In her study of concepts of racial and social hierarchies in colonial German postcards and photographs, Anastasia Banshchikova from the Institute for African Studies, Moscow National Research University, discussed photographs by Vincenti, Dobbertin and other colonial photographers. Interpreting such photographs, she ascertained that they provided visual evidence for the social division of German colonial, intermediate (Askaris, Indian, Swahili) and native African populations.

=== Vincenti's photographs in collections ===
In Germany, photographs and postcards by Vincenti can be found in the collections of the German Historical Museum, the Museum of Postal Services and Telecommunication, the Goethe University Frankfurt and the Ethnological Museum in Berlin. In addition to individual positive prints in black and white, the museum in Berlin also holds a photo album entitled "Original photographs from German East Africa; Dar-es-Saalam [sic] from the years 1901-1902" with gelatin silver prints on cardboard with Vincenti's company logo and the note "Vervielfältigung vorbehalten" (reproduction reserved).

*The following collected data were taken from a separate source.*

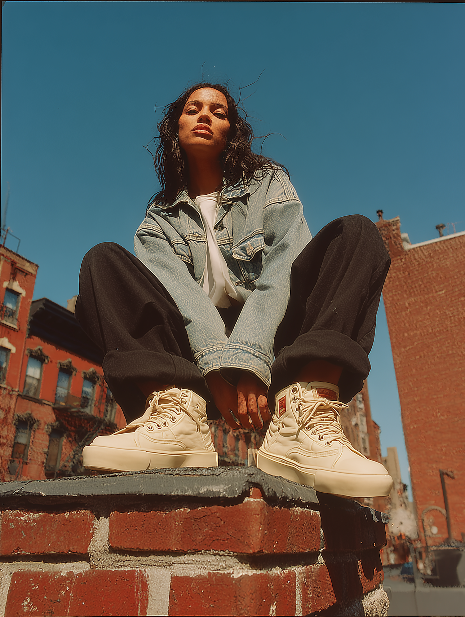 Stylish individual in a denim jacket and beige sneakers sitting on a brick structure against a clear blue sky in an urban setting.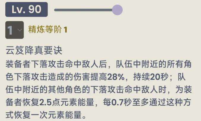 进行下落攻击时目标命中后,将提高全队中的角色下落攻击伤害,其他的角色下落攻击击中敌人时,还可以恢复装备者的元素能量。
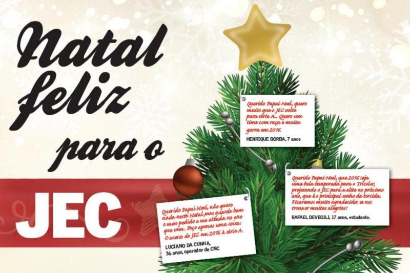 Querido Papai Noel, que 2016 seja uma bela temporada para o Tricolor, projetando o JEC para a elite no próximo ano, que é o principal sonho da torcida. Ficaremos muito agradecidos se nos trouxer muitas alegrias!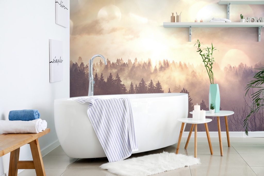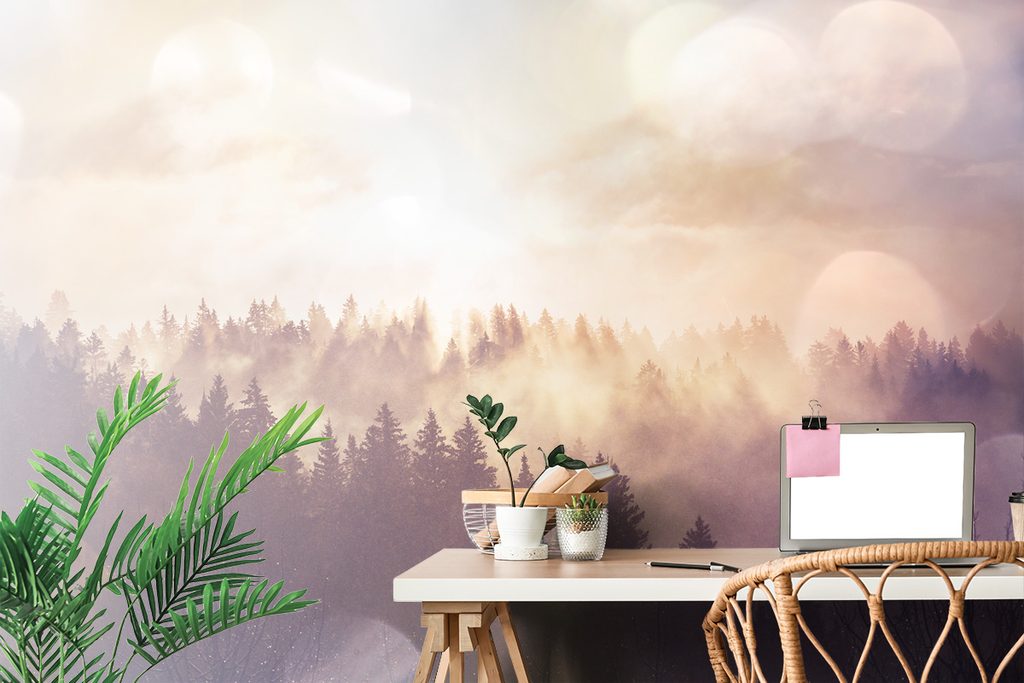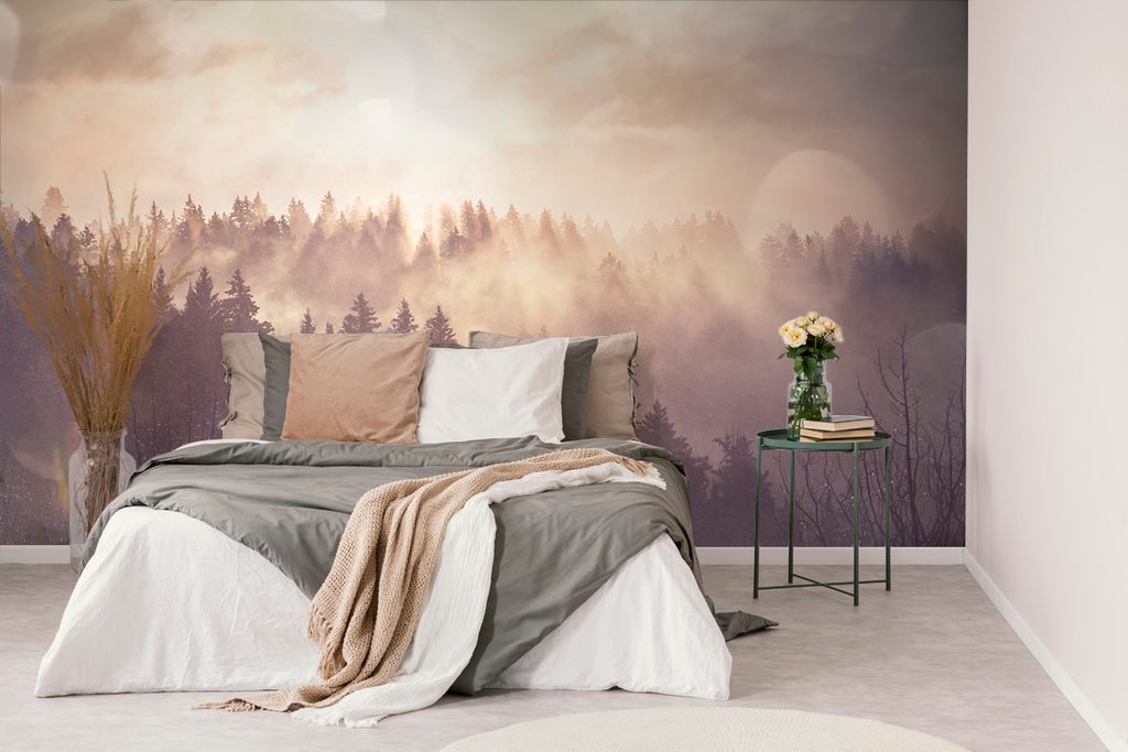 Samolepiaca fototapeta ranné lúče slnka nad lesom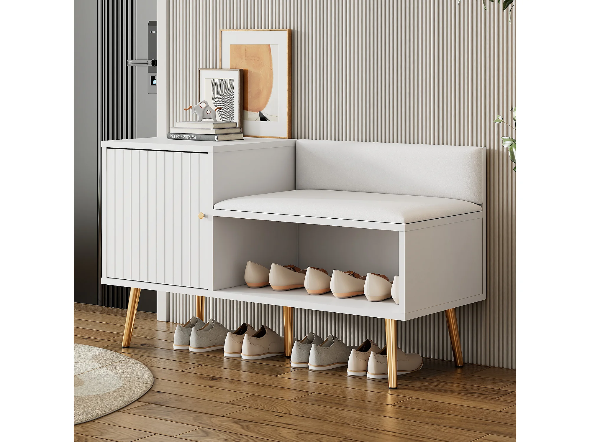Ensemble vestiaire d'entrée 120x23.5x191.5 cm, rangement multifonction, banquette, panneaux striés brillants, panneaux de particules blanc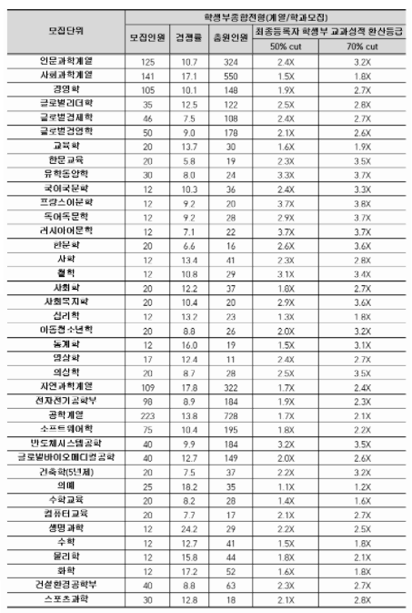 2021학년도에는 학생부 종합 1차, 2차로 구분하여 신입생을 선발하였으며 올해는 변화가 있으니 교과 성적 수시 등급은 참고자료로만 보면 되겠습니다. 최종 등록자 70%컷 기준으로 학생부 종합 1차에서는 신문방송학과가 1.5등급대로 가장 높은 등급대였습니다. 국어국문학 3.1, 사회학 3.4, 심리학 1.9, 물리학 4.5, 생명과학 2.2, 화공생명공학 2.6, 기계공학 2.8등급입니다.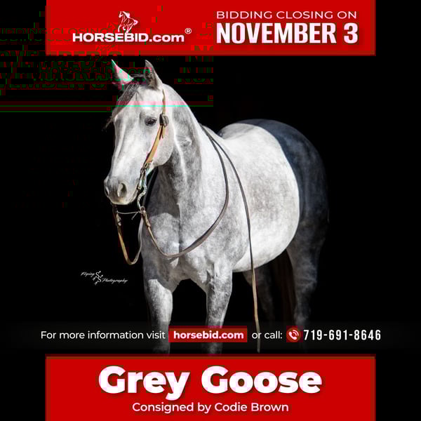 ⚜️𝐓𝐇𝐄 𝐅𝐀𝐋𝐋 𝐇𝐄𝐑𝐈𝐓𝐀𝐆𝐄 𝐂𝐋𝐀𝐒𝐒𝐈𝐂⚜️ Happening now thru MONDAY | NOVEMBER 3rd - Available EXCLUSIVELY on HorseBid's website! For more details and to register visit: www.Horsebid.com CONSIGNOR CONTACT: Codie Brown 719-691-8646 LOCATION: Hastings, MN BREED: Quarter Horse REGISTERED: No COLOR: Gray HEIGHT: 15 AGE: 8 GENDER: Gelding Grey Goose has been one of my personal horses for the last 5 years. He's has seen many days of wet saddle pads, working hard from sunup to sundown. He will make someone the perfect trail horse, riding on any terrain through any part of the country. He easily steps over downed timber, crosses creeks and ditches, and takes care of his rider. Goose has been exposed to all sorts of wildlife as well as small pets and livestock. He has also been used to lead pack mules, leading the string through trails or making his way through thick timber. Grey Goose would also work well for someone who is interested in showing in the ranch horse events. He will lope circles correctly, picking up his leads on cue. Side passes, soft one-handed neck rein, backs up, work a gate, has a nice turn around and stop. Goose even rides bareback! He can be ridden by anyone who can sit in the saddle and hold the reins. He has years of experience under saddle, and his ride is a shining example of that. Goose is easy to catch, gets along well with pasture mates when turned out, and also does well stalled. He is easy to bathe and shoe. Currently, he is barefoot, but he also does fine with shoes. If you have any questions or would like to meet Grey Goose prior to the auction ending please contact me at, 719-691-8646.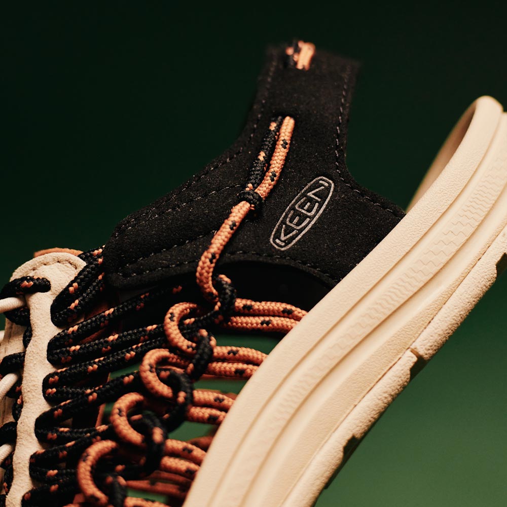 Keen UNEEK her i samarbejde med END. Grundlagt i 2005 af Christian Ashworth og John Parker blev END. skabt gennem en fælles passion for mode, design, kunst og musik. Over 10 år efter Rory Fuerst Jr. satte sig for at skabe den første open-air sneaker, har KEEN teamet op med END. for at bringe dig UNEEK ‘Camping’ - en fejring af at undslippe byen og fordybe sig i naturen. Skabt med genbrugte elastiske snore, der tillader fri bevægelighed, er det farvepaletten, vi ikke kan få nok af. Mørkere toner afspejler skovens æstetik, mens de orange nuancer er inspireret af solopgange, solnedgange og hyggelige lejrbål. Den kommer her i en flot Black/Hazel farvekombination, med sit unikke to-snor system og en justerbar pasform der sikrer komfort for enhver fod. Du kan sikre dig et par ved at skrive dig op her!

The Ethnographic Museum in Budapest owns a series of Vincenti's photographs of the construction and operation of a Catholic mission station of the Benedictine Congregation of St Ottilien in Kurasini, south of Dar es Salaam, in the years 1894-1895. These are labelled "Original photograph and publisher by C. Vincenti, Dar es Salaam. East Africa" and were also distributed by Vincenti as picture postcards. In the United States, there is an extensive collection of more than 300 of Vincenti's photographs in the Beinecke Rare Book and Manuscript Library at Yale University and a smaller one in the Frank and Frances Carpenter Collection at the Library of Congress in Washington, D.C. In the United Kingdom, Cambridge University Library holds a collection of monochrome postcards of scenes in German East Africa by Walther Dobbertin and Carl Vicenti.

Private collectors also own historical photos by Vincenti. For example, the auction house Sotheby's auctioned a photo album on Zanzibar and Dar es Salaam, in which 32 photos bear Vincenti's round company stamp. Furthermore, the art agency Artnet sold a collection of 58 original Vincenti photographs from German East Africa in 2014.